**WHAT IS REQUIRED**:
In the records below, repeat exactly the lines between the line holding "Dalavagnen kuljetusvaunu yksiakselinen, etuovi" and the line holding "Descubra nuestra caja", inclusive, and drop the pictures.

**SOURCE DATA**:
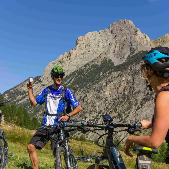 Approche en douceur en VTT électrique sur pistes faciles, petit café, puis randonnée alpine vers le sommet et les lacs glaciaires de Rocca Bianca, une des plus belles vues panoramiques du Queyras ! Un des plus beaux 3000 du Queyras ! Ton accompagnateur en montagne connaît tous les petits coins à ne pas rater et tu auras le temps d’échanger avec lui sur la géologie, les relations Queyras-Piémont, la faune et la flore de haute altitude. Pique-nique au bord d’un lac, tarte aux myrtilles en option avant la descente… Un régal pour les yeux et les papilles !
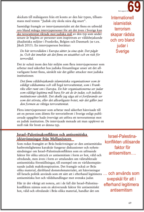 ”delar av den antisemitiska hatbrottslighet som sker, såväl i Sverige som i andra europeiska länder, sannolikt härrör från en närmast sanktionerad antisemitism som förekommer i olika länder i Mellanöstern. Enligt litteraturen rör det sig ofta om antisemitiska föreställningar och attityder som existerat redan innan staten Israel grundades”. (Källa: BRÅ 2019:4 Antisemitiska hatbrott, s. 70)
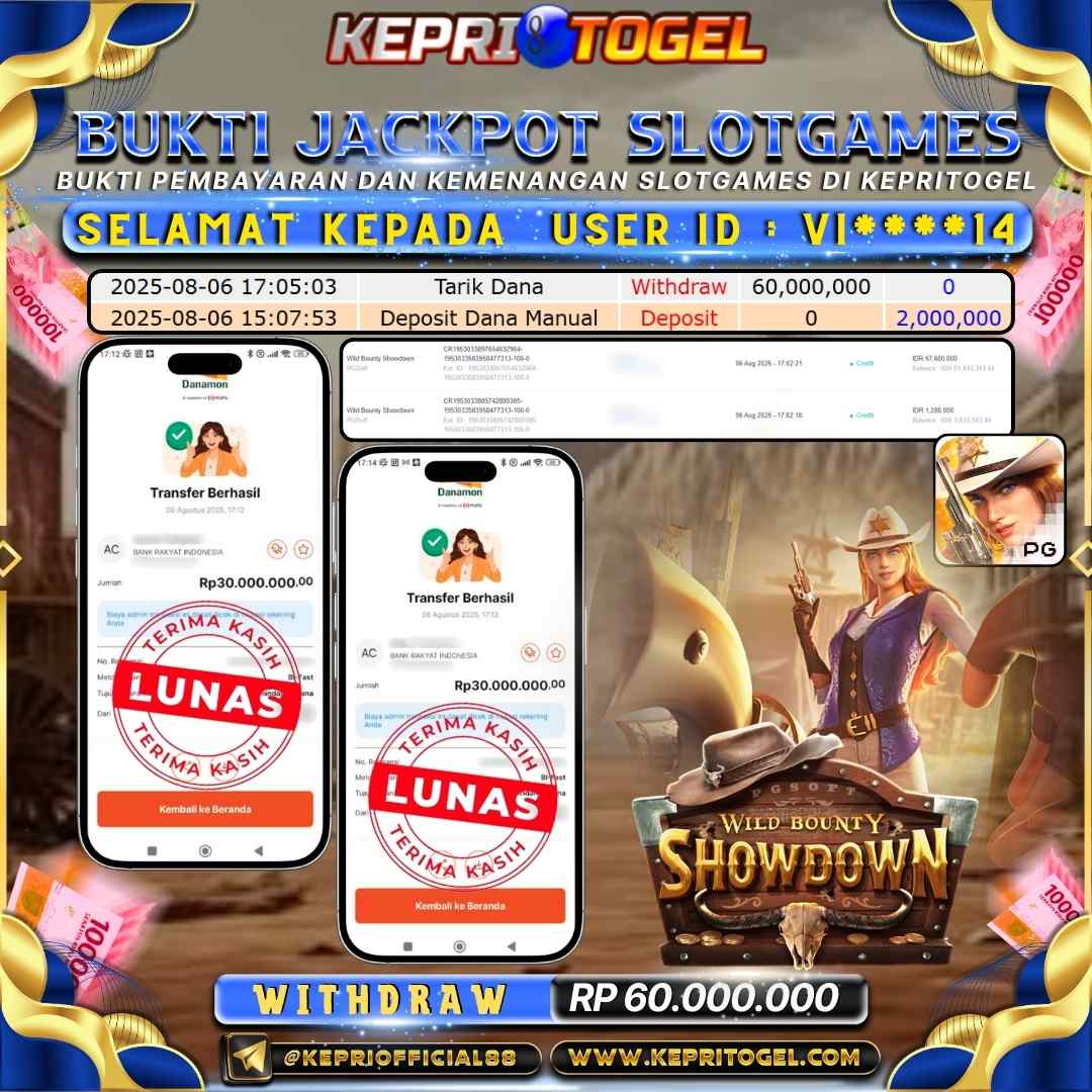 Selamat kepada UserId VI****14 telah berhasil mendapatkan kemenangan jackpot pada permainan Slot Wild Bounty Showdown Kepritogel sebesar Rp60,000,000,- . Kepritogel situs terpercaya sejak dulu hingga saat ini , Untuk kemenangan berapapun pasti akan kami bayarkan . Jangan ragu bermain di Kepri Togel . Kami pihak Kepritogel Menyampaikan terima kasih kepada seluruh member Kepri Togel yang telah Percaya dan setia Bersama kami bermain di Kepritogel hingga saat ini.
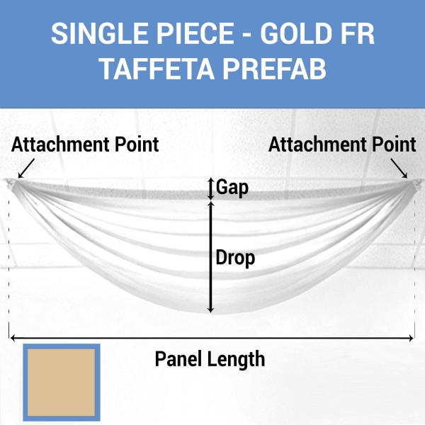 Customize your ceiling drapery to fit your needs with our gold taffeta prefabricated ceiling drape panel. Choose the length and drop of our gold fabric panel and prepare for the easiest setup you’ll experience. Our hand-sewn panels are fire-retardant and made with high-quality gold taffeta fabric.
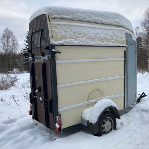 Dalavagnen kuljetusvaunu yksiakselinen, etuovi ja takalastaus. 2 ponia tai yksi hevonen eli väliseinä siirrettävissä, kokonaismassa 1200kg. Nokka pyörä ja tukien kiinnitys uusittu, uudet kesärenkaat alla, varapyörä sekä nastarenkaat omilla vanteilla. Jarruremontti tehty 2024 leimaa 2026 loppuun ja kärry rekisterissä/vakuutettu mutta vähällä käytöllä. Lattia ehjä hyvällä kumimatolla, ulkoseinien maalivikaa sekä perälaudan yläpuolella oleva vaneri kulmista kulunut joskaan ei vaikuta käyttöön. Aisalukko mukaan, sähköt toimii.
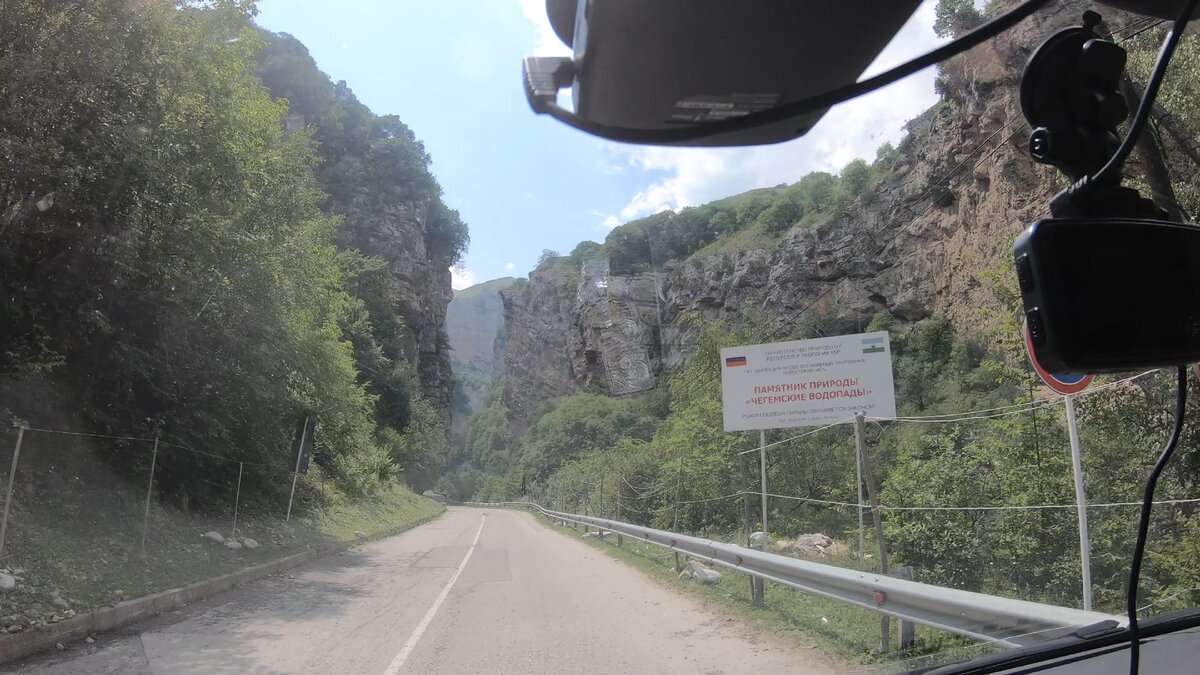 Дорога становится уже, справа показалась река Чегем, в которую впадают водопады, к которым мы приближаемся.
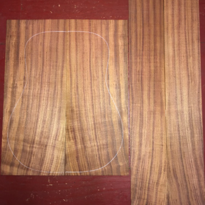 Back plates show an easy fit for OM; a standard dreadnought pattern is tight but doable. 3A curl on back, 2A+ curl on sides.
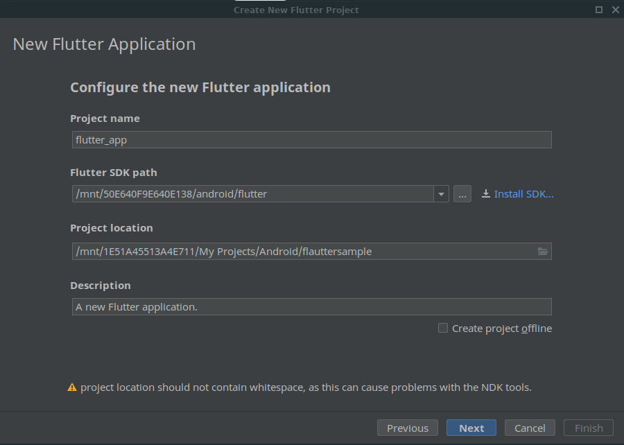 خب مشخصا ما در اینجا گزینه Flutter Applicaion را انتخاب میکنیم ، سپس در مرحله بعد ساخت پروژه فلاتر باید نام پروژه ، مسیر SDK فلاتر ، مسیر ذخیره سازی پروژه و توضیح درباره پروژه را وارد کنیم.(توجه کنید که مسیر SDK فلاتر درواقع همان فلاتری ست که براساس پلتفرم خود نصب کرده اید)
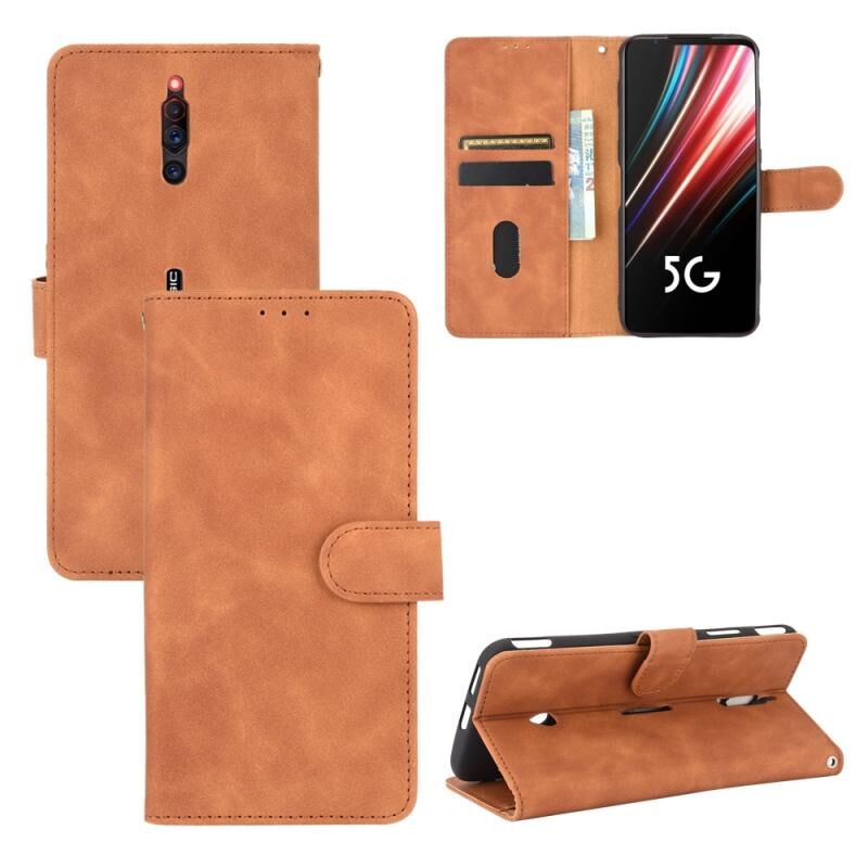 Για ZTE Nubia Red Magic 5G Solid Color Skin Feel Μαγνητική πόρπη οριζόντια Flip μοσχάρι υφή PU δέρμα υπόθεση με κάτοχο & υποδοχές καρτών & πορτοφόλι (καφέ)
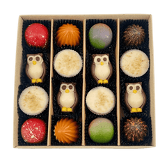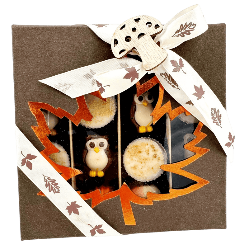 Descubra nuestra caja de pralinés de chocolate de otoño, 16 bombones belgas artesanales en una elegante caja de regalo marrón oscuro. Perfecto para regalar esta temporada o darse un capricho.
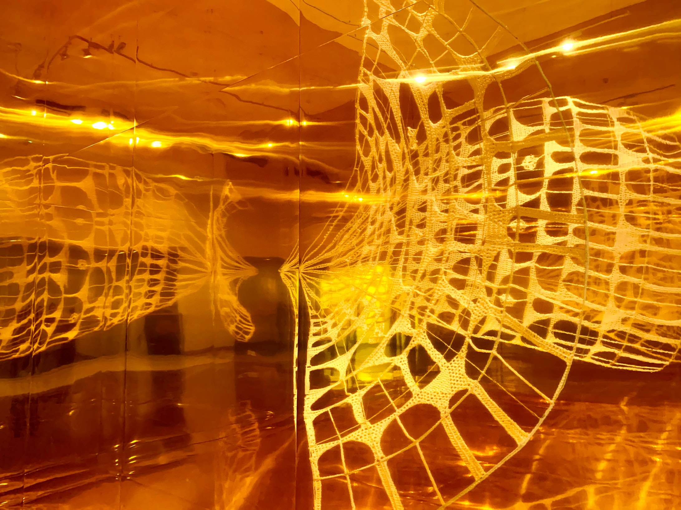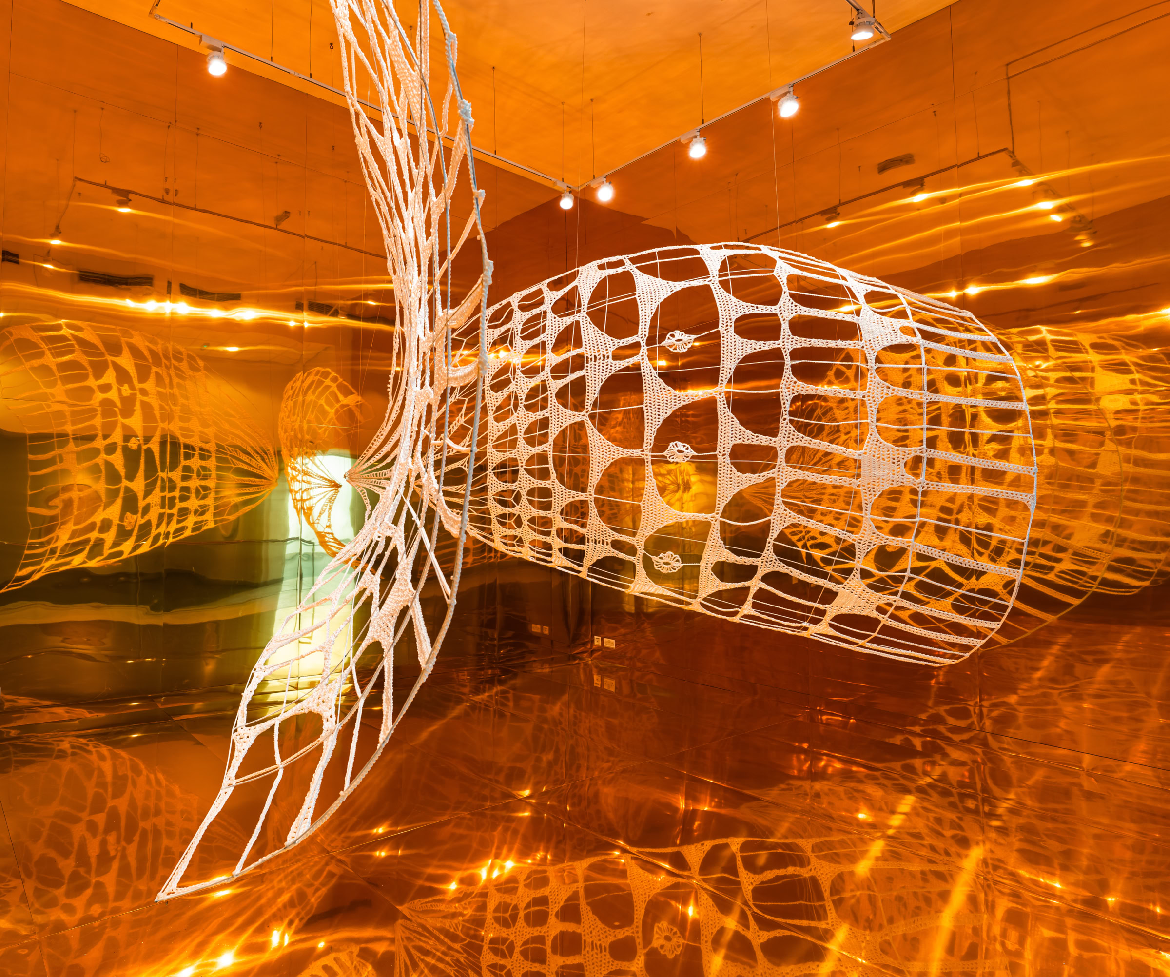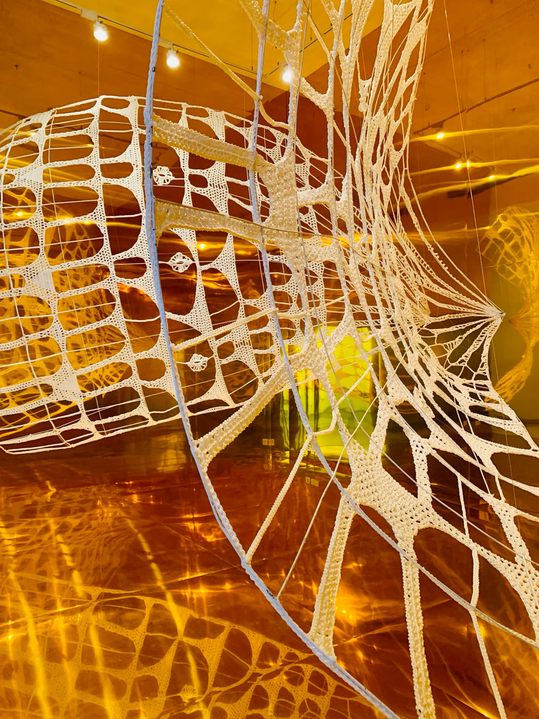 The work elevates everyday craft and familiar objects that are close to our body. The pattern of the work is based on the geometry of Muqarnas, in its order of fundamental indivisible elements and their relations while the hand crocheted membrane relates to the Kufi hat that are common in Muslim world.

**THE COMPLETED TASK**:
 Dalavagnen kuljetusvaunu yksiakselinen, etuovi ja takalastaus. 2 ponia tai yksi hevonen eli väliseinä siirrettävissä, kokonaismassa 1200kg. Nokka pyörä ja tukien kiinnitys uusittu, uudet kesärenkaat alla, varapyörä sekä nastarenkaat omilla vanteilla. Jarruremontti tehty 2024 leimaa 2026 loppuun ja kärry rekisterissä/vakuutettu mutta vähällä käytöllä. Lattia ehjä hyvällä kumimatolla, ulkoseinien maalivikaa sekä perälaudan yläpuolella oleva vaneri kulmista kulunut joskaan ei vaikuta käyttöön. Aisalukko mukaan, sähköt toimii.
 Дорога становится уже, справа показалась река Чегем, в которую впадают водопады, к которым мы приближаемся.
 Back plates show an easy fit for OM; a standard dreadnought pattern is tight but doable. 3A curl on back, 2A+ curl on sides.
 خب مشخصا ما در اینجا گزینه Flutter Applicaion را انتخاب میکنیم ، سپس در مرحله بعد ساخت پروژه فلاتر باید نام پروژه ، مسیر SDK فلاتر ، مسیر ذخیره سازی پروژه و توضیح درباره پروژه را وارد کنیم.(توجه کنید که مسیر SDK فلاتر درواقع همان فلاتری ست که براساس پلتفرم خود نصب کرده اید)
 Για ZTE Nubia Red Magic 5G Solid Color Skin Feel Μαγνητική πόρπη οριζόντια Flip μοσχάρι υφή PU δέρμα υπόθεση με κάτοχο & υποδοχές καρτών & πορτοφόλι (καφέ)
 Descubra nuestra caja de pralinés de chocolate de otoño, 16 bombones belgas artesanales en una elegante caja de regalo marrón oscuro. Perfecto para regalar esta temporada o darse un capricho.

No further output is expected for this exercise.